The PC maker increases gross margins, even in these competitive times
Like most weekend couch potatoes, I can't help but notice the Best Buy and Circuit City ads. All right, I read the ads and throw away the newspaper -- who wouldn't with all the bad news lately? I'm sure more than a few CIOs have noticed how fast the new Pentium 4 PCs are dropping in price. Fully loaded units are going for less than four figures. But despite the great prices, there doesn't seem to be a big push among businesses to replace older desktop units. Low prices aren't the driving force they once were. I'm sure companies such as Dell Computer, Hewlett-Packard, and others would love to know when business demand for PCs will pick up. There once was a time when new applications and ever-evolving operating-system demands required hardware upgrades. Not anymore. It's clear that the new Pentium 4 PCs running at 2 GHz or more with Windows XP are overkill for most available desktop and network applications. In fact, for E-mail, word processing, and spreadsheets -- the primary uses of most business users -- we could go back to the Pentium III without much difficulty.

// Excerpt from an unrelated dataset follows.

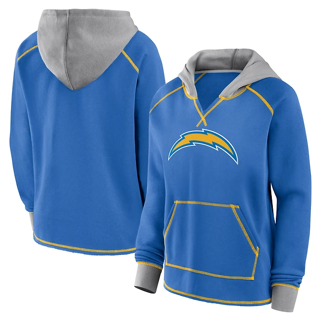 Women's Logo Athletic Powder Blue Los Angeles Chargers Boom Fleece Pullover V-Neck Hoodie

But at some point, physical wear and tear will require replacement of hardware. Disk drives wear out, memory needs to be expanded, and eventually it will be cost-efficient to replace rather than repair. Because the replacement PC cycle has been deferred by many companies, it's not too surprising to see that Smith Barney estimates that worldwide PC unit shipments will rise 6% in 2003 over last year. More important, it estimates shipments of desktop units will grow 3%, but notebooks will jump 17%.
My initial reaction was that these estimates may be too high in a weak spending environment, but after listening to Dell's earnings call last week, the overall PC demand numbers don't seem that absurd. Dell (DELL -- Nasdaq) reported revenue of $9.7 billion for its fiscal fourth quarter, ended Jan. 31, up 21% year over year and up 6% quarter over quarter. Earnings per share came in at a reasonably solid 23 cents. However, total unit shipments grew by 25% year over year, substantially ahead of the rest of the industry, according to Dell, which saw unit volume growth estimated to be 0% to 1% year over year. The company continues to gain share in most markets. Even within the highly penetrated U.S. market, Dell saw PC retail sales go up 38% year over year.
What amazes me is that Dell can continue to increase gross margins in a tough and competitive environment. It had a gross margin of 18.3% for its fourth quarter (Gateway's comparable gross margin is 12.3%) as it continued to pressure its component suppliers. One way Dell squeezes additional profits from suppliers is to delay paying its bills. In fact, Dell is one of the few companies that has a cash-conversion period of -40 days. It actually ends up receiving the cash from its customers 40 days before it pays its own vendors. The company also is excellent at keeping its operating costs down; operating expenses, including research and development, as a percentage of revenue were 9.9%, less than half of Gateway's 23.6%.
Dell trades at 22.6 times Wall Street analysts' fiscal 2004 estimates of 99 cents per share. Though the company's stock isn't cheap, given its strong competitive position, above-average industry growth trends, and ability to turn over assets quickly, the company is no longer grossly overvalued.